Within the records that follow, restate exactly the lines from the line with "Polichromie w wymienionych" down to the line with "Fragile Staatlichkeit –", including both. Omit the pictures.
══════════
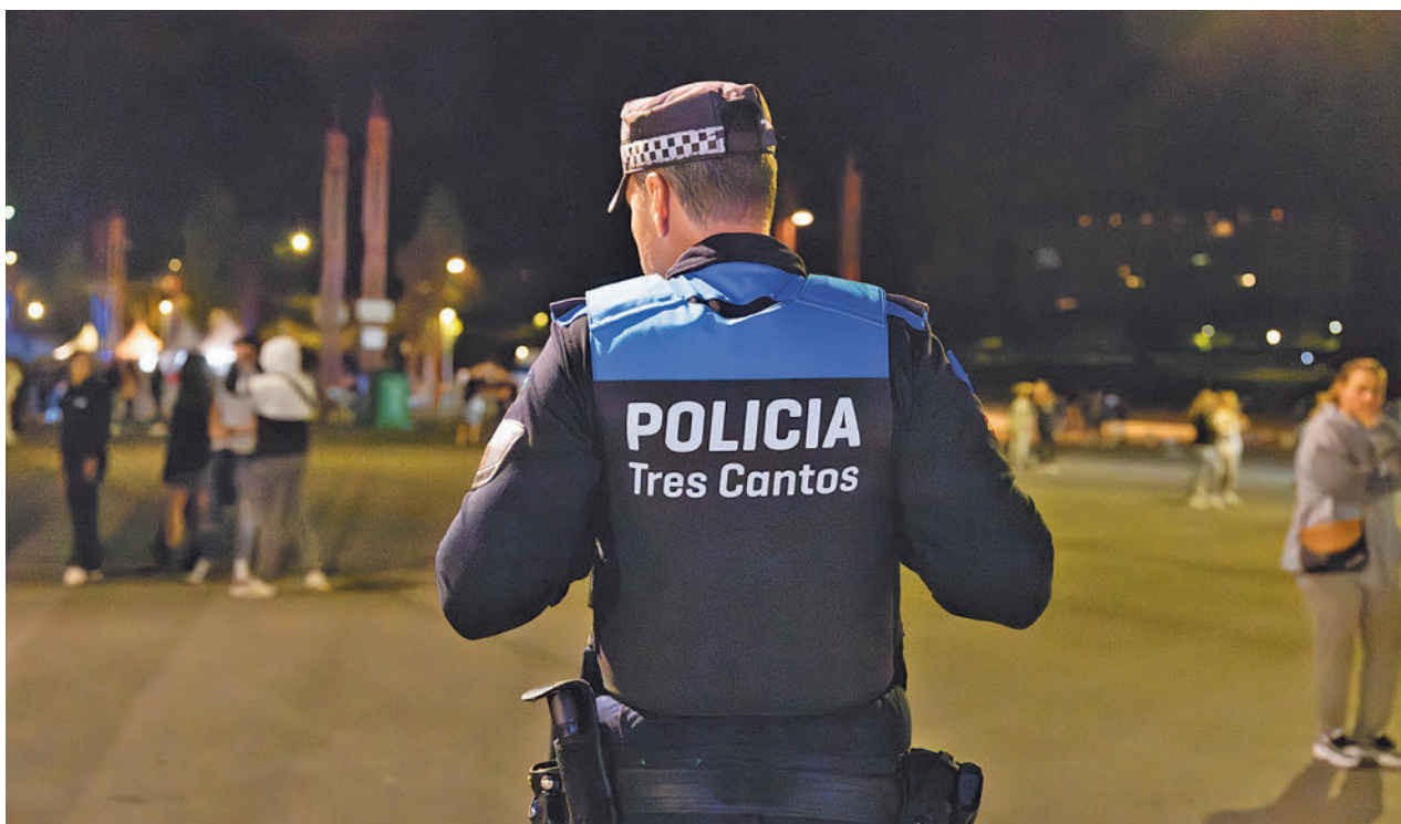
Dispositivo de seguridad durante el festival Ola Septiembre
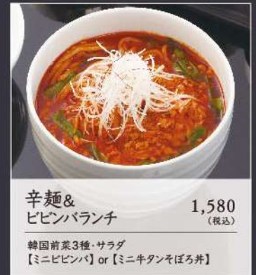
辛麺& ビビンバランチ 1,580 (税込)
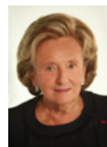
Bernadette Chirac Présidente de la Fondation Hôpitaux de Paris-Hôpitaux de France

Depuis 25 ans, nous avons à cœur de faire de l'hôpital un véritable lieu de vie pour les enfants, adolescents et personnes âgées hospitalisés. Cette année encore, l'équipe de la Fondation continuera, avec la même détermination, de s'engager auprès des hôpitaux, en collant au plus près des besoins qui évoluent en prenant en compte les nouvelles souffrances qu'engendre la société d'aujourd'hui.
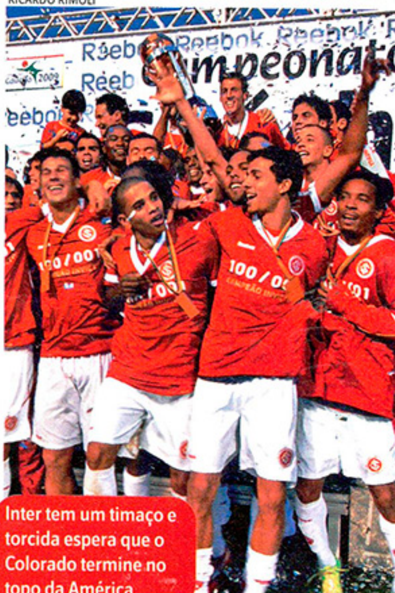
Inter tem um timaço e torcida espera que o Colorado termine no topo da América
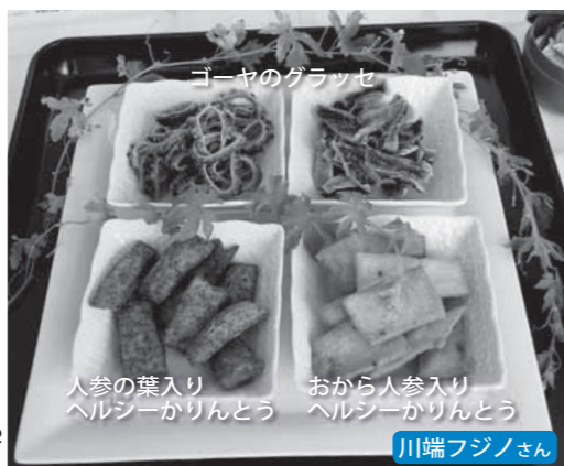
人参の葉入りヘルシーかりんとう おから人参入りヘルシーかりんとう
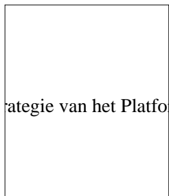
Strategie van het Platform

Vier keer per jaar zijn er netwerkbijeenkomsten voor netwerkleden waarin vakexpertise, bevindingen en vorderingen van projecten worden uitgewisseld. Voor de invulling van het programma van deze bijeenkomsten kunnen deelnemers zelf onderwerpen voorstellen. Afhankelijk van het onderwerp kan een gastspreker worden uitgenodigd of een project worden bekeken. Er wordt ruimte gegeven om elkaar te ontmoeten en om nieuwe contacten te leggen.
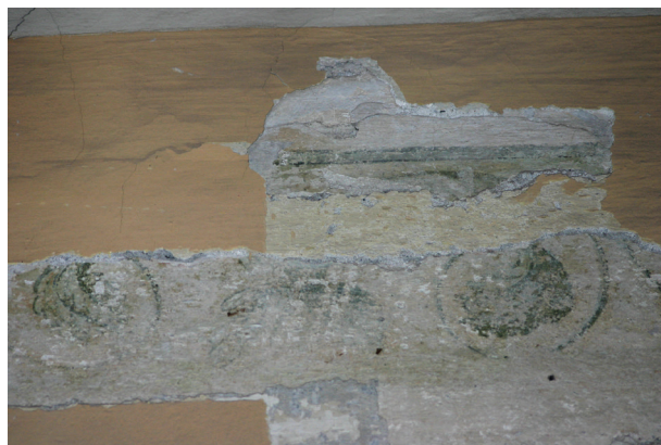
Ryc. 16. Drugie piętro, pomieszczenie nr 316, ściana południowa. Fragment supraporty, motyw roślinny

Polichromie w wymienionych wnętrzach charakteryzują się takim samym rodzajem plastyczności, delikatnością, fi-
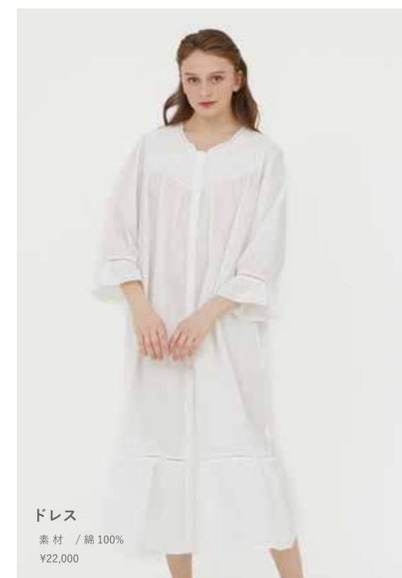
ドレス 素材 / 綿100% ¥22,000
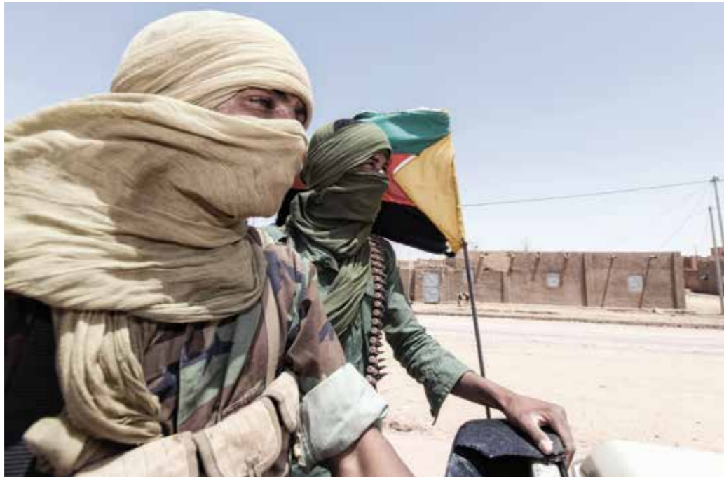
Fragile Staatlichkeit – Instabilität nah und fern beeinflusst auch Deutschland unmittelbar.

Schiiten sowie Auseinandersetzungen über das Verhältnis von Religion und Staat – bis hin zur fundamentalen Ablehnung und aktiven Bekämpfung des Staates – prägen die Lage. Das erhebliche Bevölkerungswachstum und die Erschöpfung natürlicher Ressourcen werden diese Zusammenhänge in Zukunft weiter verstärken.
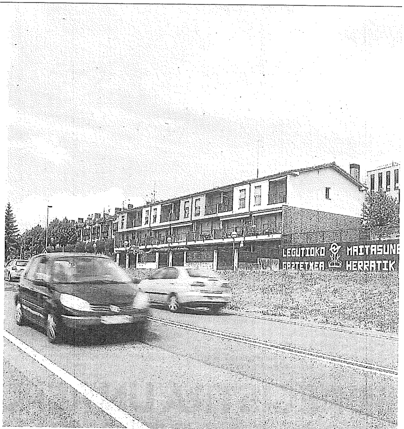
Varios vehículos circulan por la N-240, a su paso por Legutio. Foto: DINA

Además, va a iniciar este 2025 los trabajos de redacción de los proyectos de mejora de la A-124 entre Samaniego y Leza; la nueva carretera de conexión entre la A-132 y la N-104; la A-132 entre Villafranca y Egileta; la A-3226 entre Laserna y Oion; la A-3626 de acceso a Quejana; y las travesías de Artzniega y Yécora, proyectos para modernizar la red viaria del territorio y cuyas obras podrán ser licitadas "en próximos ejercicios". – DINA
══════════
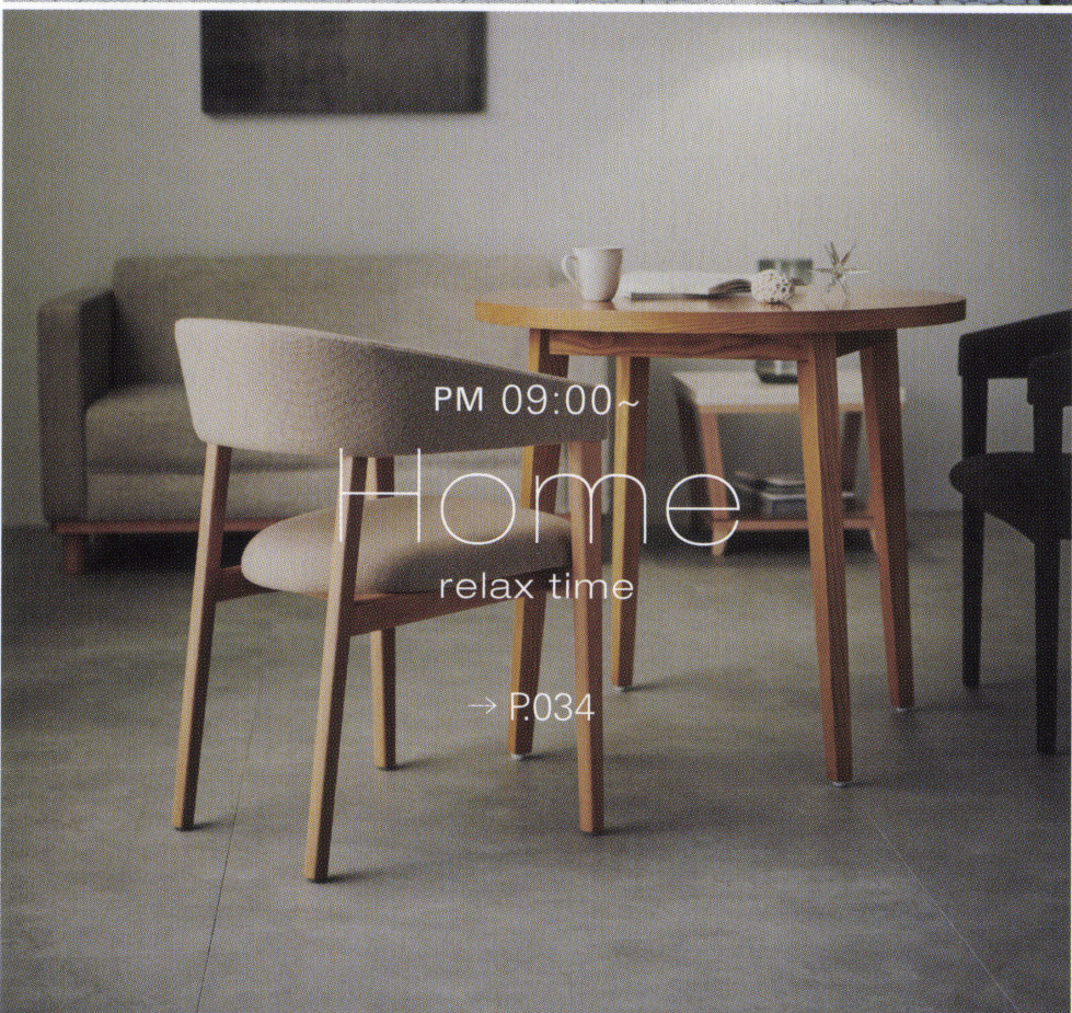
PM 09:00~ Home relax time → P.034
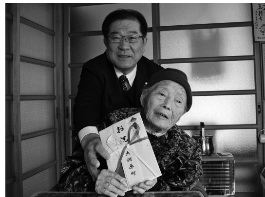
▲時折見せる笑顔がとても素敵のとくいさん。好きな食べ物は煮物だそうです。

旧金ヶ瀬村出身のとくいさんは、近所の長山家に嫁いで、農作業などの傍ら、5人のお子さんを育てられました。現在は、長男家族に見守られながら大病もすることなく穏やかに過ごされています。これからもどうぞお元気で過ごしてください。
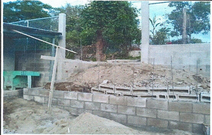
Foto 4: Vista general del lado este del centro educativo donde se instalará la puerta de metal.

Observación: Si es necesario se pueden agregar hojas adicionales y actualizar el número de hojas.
══════════
__Written response__:
Polichromie w wymienionych wnętrzach charakteryzują się takim samym rodzajem plastyczności, delikatnością, fi-
ドレス 素材 / 綿100% ¥22,000
Fragile Staatlichkeit – Instabilität nah und fern beeinflusst auch Deutschland unmittelbar.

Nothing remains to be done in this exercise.